“Finance is an information business. Indeed it already spends a higher share of its revenues on information technology then any other. It seems ripe for disruption by information technologies.” (The Irish Times)
The past 15 years have seen some of the largest cases of financial reporting scandals, showing failed ethical judgment by senior and middle managers. Some of the most shocking were Enron’s misstated earning using illegal accounting schemes and financial vehicles provided by Meryl Lynch and Bristol-Myers Squibb misstating revenues and stock value inflation. Although information systems didn’t mastermind these instances, they were instrumental in these frauds. Financial information systems were used to bury their actions from public scrutiny to avoid being caught. (Laudon, Kenneth & Jane (2011))
Not only is there a possibility of hacking into a financial information system, the manipulation of financial data and reporting is also a major ethical issue. Since levels of inventory, sales and revenue figures are all recorded on a system, manipulation has never been easier. One of the largest issue was the that financial analysts didn’t understand the complex reporting transactions undertaken. Secondly, incentive systems didn’t motivate analysts to include and bad information that may upset the company. The lack of training in financial systems prevented analysts and audits from identifying issues. (Laudon, Kenneth & Jane (2011))
“parts of the financial sector today . . . demonstrate the lowest ethical standards of any legal industry” John Kay. (Wolf, Martin (2016))
In order to solve these issues, Sarbanes-Oxly implemented a number of regulations. Services such as financial information system design and implementation in external audit outsourcing was prohibited. This will hopefully help identify fraudulent activity that is being carried out in a company. However, realistically if people are already carrying out unethical behaviors what makes Sarbanes thing they’ll abide by these rules? (U.S. Securities and Exchange Commission, (2003))

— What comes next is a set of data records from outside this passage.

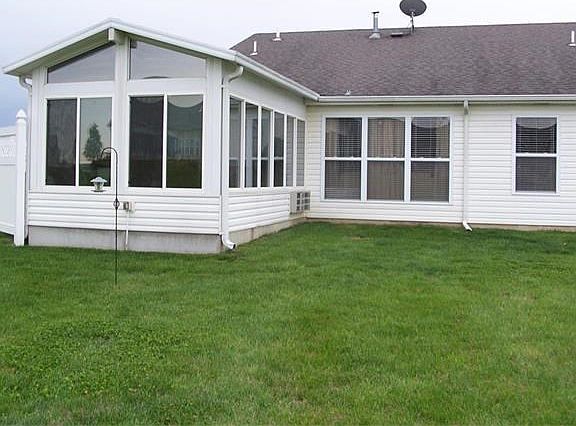 Totally renovated 2 bedroom, 2 bath villa, master bathroom wheel chair accessible, beautiful Florida room with remote control shades, air and heat, private patio with gas grill and fountain, granite counter tops, refrigerator, microwave, dishwasher, washer and dryer, fully furnished, two car over-sized garage, plus small third garage big enough for golf cart or motorcycle, this unit shows like new.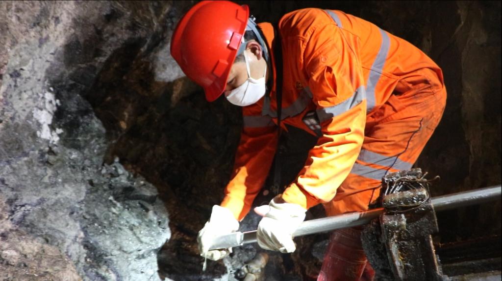 2010年,1750米中段600平巷深部延伸主体掘进工程开工实施,风化花岗岩大涌水、岩石松散,一系列棘手的问题摆在面前,组员们一时束手无策。“风化花岗岩,他一进水见风就会全部变散变软了,没有支撑力。假如源头涌水大,它很容易会卡钎,我们装进去的药又会给我们冲出来,我们出渣的时候,道面上的水湧的很大,泥浆很大,然后在我们施工的时候给我们带来很大的难度。”1750平台作为连接1800与1600两大平台的重要平台,施工难度极大,但工程进度不能停。“就像一只拦路虎一样样,拦在我们的面前,使我们的掘进无法开展”。时任主体掘进工程三组组长杨勇没有服输,他主动请缨,制定了一整套施工方案,决定虎口拔牙,迎头松散的地方,杨勇就采取超前支护和以快制散的办法,提前做好顶板的支护,放炮后就火速架欀进行侧邦支护。面对特殊的地质结构,布眼打眼时,他也把自己的绝活儿毫不保留的教给大家。“每一个眼都要往外倾斜三到五度,如果是说它垂直进去的话,那我们下一个循环,我们的巷道越掘进就会越小,他会影响我们凿岩机的作业。”最终,1750中段主体掘进工程提前86天全面完成施工任务,而像这样的工程,在往后十年,他手下,还有很多。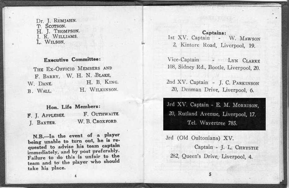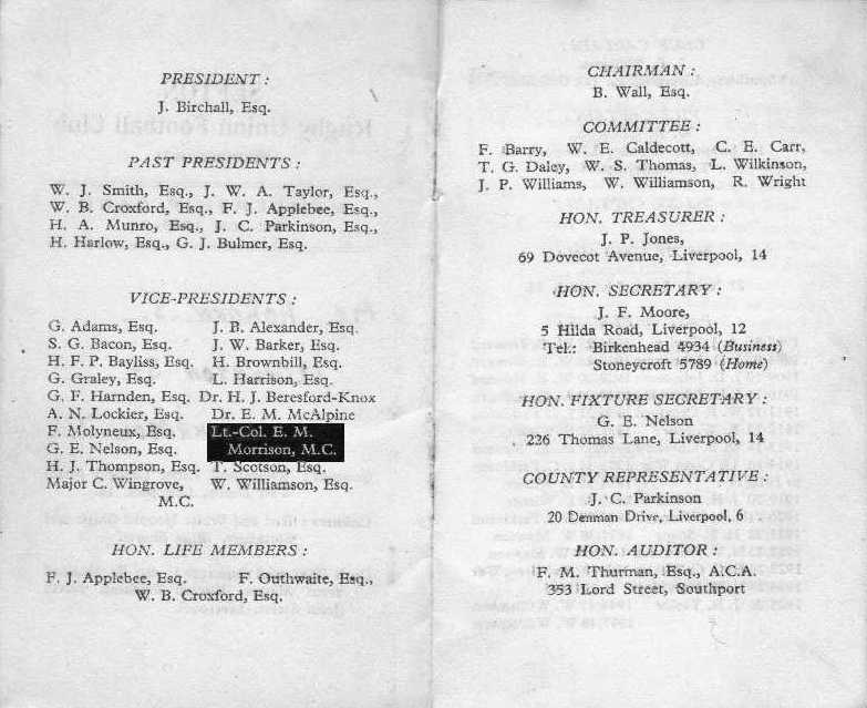 Born in Ormskirk,1911 E.M.Morrison joined Sefton just before World War 2 and became 3rd team Captain.

Essentially, information systems are at the root of the current problem and are what is making financial fraud easier to carry out. However, information systems may also be the solution. New technology may transform payments and financial transactions. One possibility being real time settlement via distributed ledgers. The advantage is an improvement in record-keeping. The records will be kept on a database that is shared across networks that would hold identical copes. There will be no option to change and edit data. (Wolf, Martin (2016))
A question now arises, if these financial reporting systems limit the actions of current accountants, if something goes wrong or fraudulent behavior becomes apparent should the corporate accounts be to blame of the lack of regulation built into these systems? The dividing line between acceptable and unethical behavior can be quite blurred when it comes to accounting standards. (Staubus, George (2005)) Financial managers are so strongly rendered to create favorable reports. So the ethics compromises are found in the performance of academic accountants so if their responsibilities are reduced and put into a system will this issue be solved?
Then we have the issue of the audits. We could implement a financial reporting system to track all transactions. These reports will then be audited by audits whose primary responsibility is to the corporate mangers. So should this relationship be loosened so that the primary responsibility of audits be to the investor? (Staubus, George (2005))
Personally, I think the regulation and prevention in prevention fraud is a distant possibility. Storing financial records automatically on a database system will be a step forward but whenever human behavior comes into play unethical actions are always going to be apparent. Will the auditors analyze these reports ethically? Will these systems be built ethically? There will always be room for unethical behavior so are we wasting are time carrying out extensive measures to prevent it? Is there always a way around the laws and legislation?
We’ll let you decide.
Until next time,
Staubus, George (2005), “ Ethics Failures in Corporate Financial Reporting” , Journel of Business Ethics 57:5-15, Springer 2005.
Wolf, Martin (2016), “Banking would benefit from a good dose of disruption”, The Irish Times, [online] Available at: http://www.irishtimes.com/business/economy/banking-would-benefit-from-a-good-dose-of-disruption-1.2566097 [Accessed 1 Apr. 2016].
U.S. Securities and Exchange Commision(2003), “Strenthening the Commision’s Requirements Regarding Auditor Independence”, Available at: https://www.sec.gov/rules/final/33-8183.htm
[Accessed last 1 Apr 2016].
Laudon, Kenneth & Jane (2011), “ Managing Information Systems: Managing the Digital Firm”, Ch.4, pp. 127-128, Pearson Hall 12th Edition.